2. **`imeta` extensions degrade gracefully.** Clients that don't read `license`/`author`/`source_url` in `imeta` ignore them; they still get the standard `url`/`m`/`x`/`alt` fields.
3. **Reverse parsing is optional.** A pipeline can publish without ever supporting the reverse direction; the YAML is always the source of truth.
---
## What this convention does **not** do
- **Does not inject captions into the event body.** Early drafts did; it turned into a fragile regex workout across Markdown variants (link-wrapped images, list-embedded images, block quotes). Recommended approach: let clients render attribution from `imeta` fields.
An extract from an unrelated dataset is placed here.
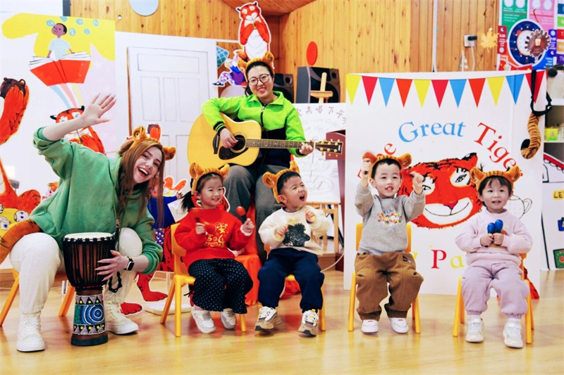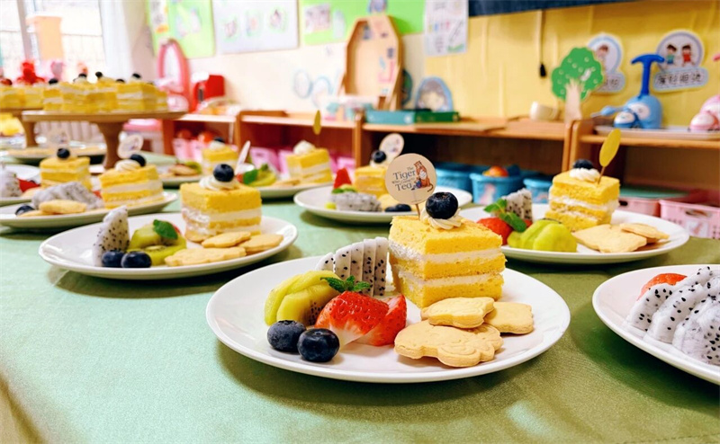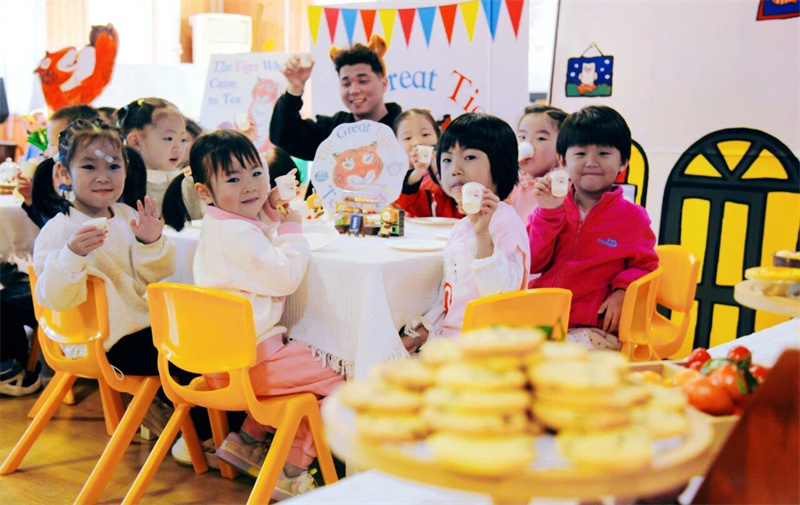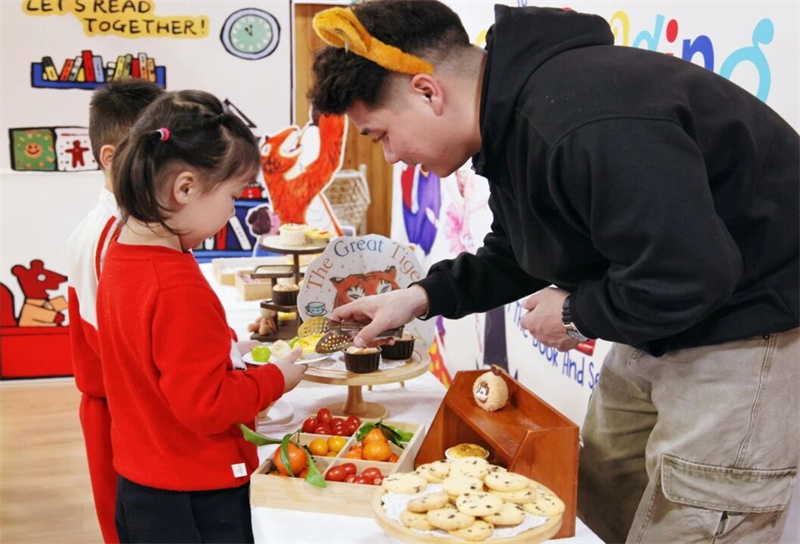 “Because of love,We are generous in sharing;Because of courage,We embrace the unexpected!” 在外教专业又童趣的引导下,孩子们走进世界级经典绘本《老虎来喝下午茶》的奇幻天地,在全英文沉浸氛围与立体生动的场景加持下,聆听故事、体悟细节,更与外教携手演绎剧情、沉浸式互动共创,于深度参与中挖掘故事内核要义,让语言感知与运用能力在潜移默化中自然进阶。随后的音乐绘本派对,让故事与旋律完美交融。孩子们随节奏律动释放天性,在双语互动吟唱中深化故事共鸣,更同步强化语言表达与艺术表现双重能力。温馨的下午茶聚会则将故事情境生动延伸,孩子们化身故事角色分享美食、友好互动,在真实的社交场景中涵养礼仪素养,真切感受分享的温暖与包容的力量。

Inject body captions only if a concrete client gap makes it necessary.
- **Does not define new Nostr kinds.** It uses `kind:30023` (NIP-23), `kind:10063` (Blossom user server list, BUD-03), and `kind:10002` (NIP-65 relay list) as-is.
- **Does not mandate Blossom.** The convention maps cleanly to any content-addressed image host. Blossom is just the most interoperable option in the Nostr ecosystem today.
---
## Open questions for the community
1. **License in `imeta` — convention or its own tag?** Should per-image license info live in `imeta` as a non-standard field, or should there be a companion `license` tag per image with an `x <sha256>` back-reference? The `imeta` approach keeps everything per-image in one tag. A separate tag decouples concerns but duplicates the binding.
2. **Multiple licenses per image.** CC dual-licensing exists (e.g. "CC BY-SA or GFDL"). Should the spec allow `license` as an array, or repeat the `license` field multiple times in `imeta`?
3. **Canonical short-form catalog.** The table above is practical but not authoritative. Should a registry of license-URL-to-short-form mappings live somewhere reference-able?
4. **Attribution in languages other than English.** The reverse-parser pattern uses role words like `Photo`, `Foto`, `Image`. A language-agnostic marker (e.g. a leading emoji or a structured sigil like `⸻ credit ⸻`) would sidestep i18n, at the cost of readability.
5. **Machine-readable attribution in client rendering.** Long-form clients (Habla, Flycat, etc.) vary in how (and whether) they surface `imeta.license` / `imeta.author`. Adoption of this convention is only valuable if clients pick it up — a reference renderer implementation would lower the bar.
---
## References
- [NIP-23 — Long-form Content](https://github.com/nostr-protocol/nips/blob/master/23.md)
- [NIP-92 — Media Attachments (`imeta`)](https://github.com/nostr-protocol/nips/blob/master/92.md)
- [NIP-65 — Relay List Metadata (`kind:10002`)](https://github.com/nostr-protocol/nips/blob/master/65.md)
- [Blossom BUD-01 — Server Requirements](https://github.com/hzrd149/blossom/blob/master/buds/01.md)
- [Blossom BUD-03 — User Server List (`kind:10063`)](https://github.com/hzrd149/blossom/blob/master/buds/03.md)
- [TULLU / TULLU-BA attribution rule (German, Wikimedia practice)](https://commons.wikimedia.org/wiki/Commons:Lizenzhinweisgenerator)
- [schema.org/CreativeWork — `license` field convention](https://schema.org/license)